== PROBLEM TO WORK ON ==
Only the lines from the top of the listing below to the line that has "Figure 1a,b show" should be echoed, with both ends kept and pictures left out.

== DATA BLOCK ==

::::

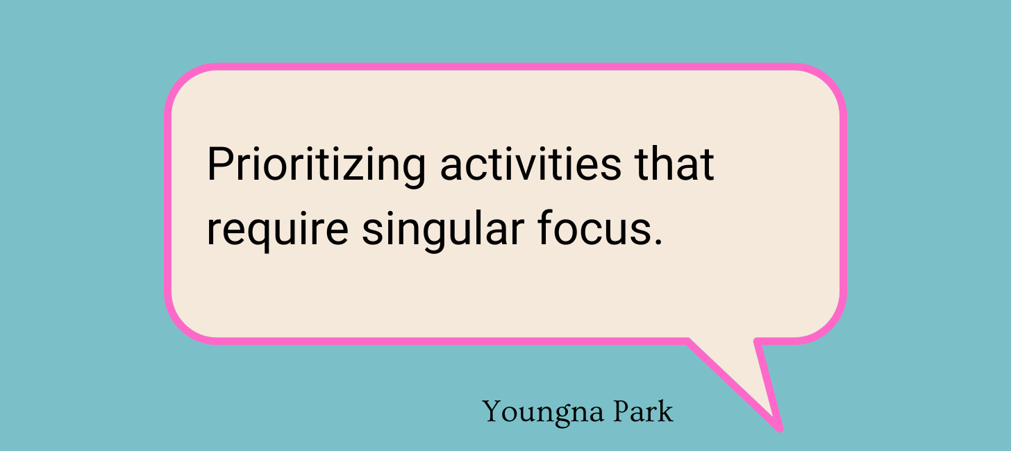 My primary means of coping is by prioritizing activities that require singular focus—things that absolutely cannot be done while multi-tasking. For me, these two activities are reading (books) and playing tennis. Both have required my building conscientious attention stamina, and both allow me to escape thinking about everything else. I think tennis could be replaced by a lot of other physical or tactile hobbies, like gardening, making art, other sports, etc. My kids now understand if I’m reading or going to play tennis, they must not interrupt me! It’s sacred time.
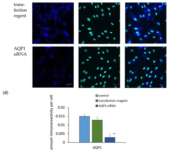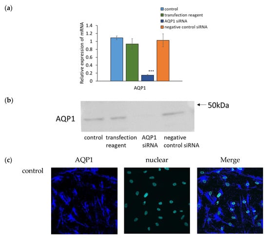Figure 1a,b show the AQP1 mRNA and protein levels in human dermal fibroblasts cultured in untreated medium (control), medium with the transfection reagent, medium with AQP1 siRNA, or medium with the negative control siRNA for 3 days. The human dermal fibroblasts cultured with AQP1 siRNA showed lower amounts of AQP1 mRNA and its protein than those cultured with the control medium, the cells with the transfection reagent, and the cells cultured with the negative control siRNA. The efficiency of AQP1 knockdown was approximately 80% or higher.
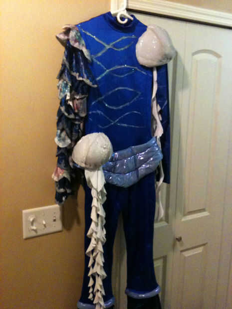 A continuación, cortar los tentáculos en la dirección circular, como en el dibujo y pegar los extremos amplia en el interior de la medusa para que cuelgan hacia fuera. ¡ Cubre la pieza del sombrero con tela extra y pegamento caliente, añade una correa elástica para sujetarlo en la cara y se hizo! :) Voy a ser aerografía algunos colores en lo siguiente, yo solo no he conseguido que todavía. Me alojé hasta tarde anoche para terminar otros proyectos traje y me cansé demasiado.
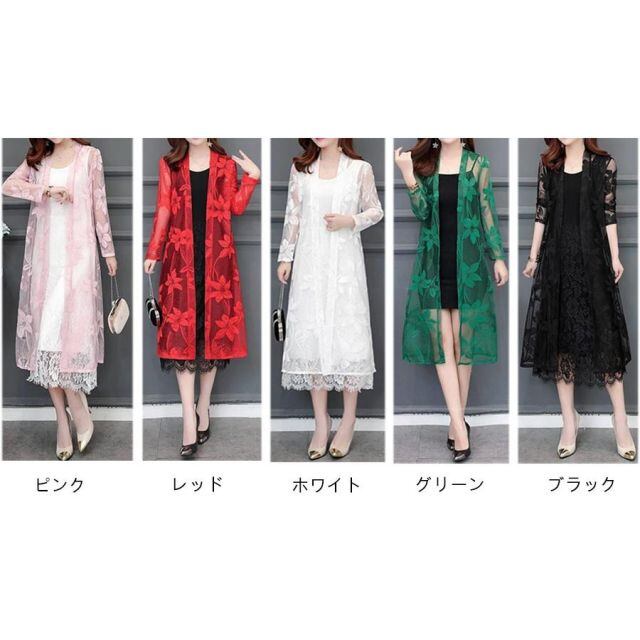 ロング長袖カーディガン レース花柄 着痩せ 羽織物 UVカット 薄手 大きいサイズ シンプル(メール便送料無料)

::::

== WORKED SOLUTION ==
 My primary means of coping is by prioritizing activities that require singular focus—things that absolutely cannot be done while multi-tasking. For me, these two activities are reading (books) and playing tennis. Both have required my building conscientious attention stamina, and both allow me to escape thinking about everything else. I think tennis could be replaced by a lot of other physical or tactile hobbies, like gardening, making art, other sports, etc. My kids now understand if I’m reading or going to play tennis, they must not interrupt me! It’s sacred time.
Figure 1a,b show the AQP1 mRNA and protein levels in human dermal fibroblasts cultured in untreated medium (control), medium with the transfection reagent, medium with AQP1 siRNA, or medium with the negative control siRNA for 3 days. The human dermal fibroblasts cultured with AQP1 siRNA showed lower amounts of AQP1 mRNA and its protein than those cultured with the control medium, the cells with the transfection reagent, and the cells cultured with the negative control siRNA. The efficiency of AQP1 knockdown was approximately 80% or higher.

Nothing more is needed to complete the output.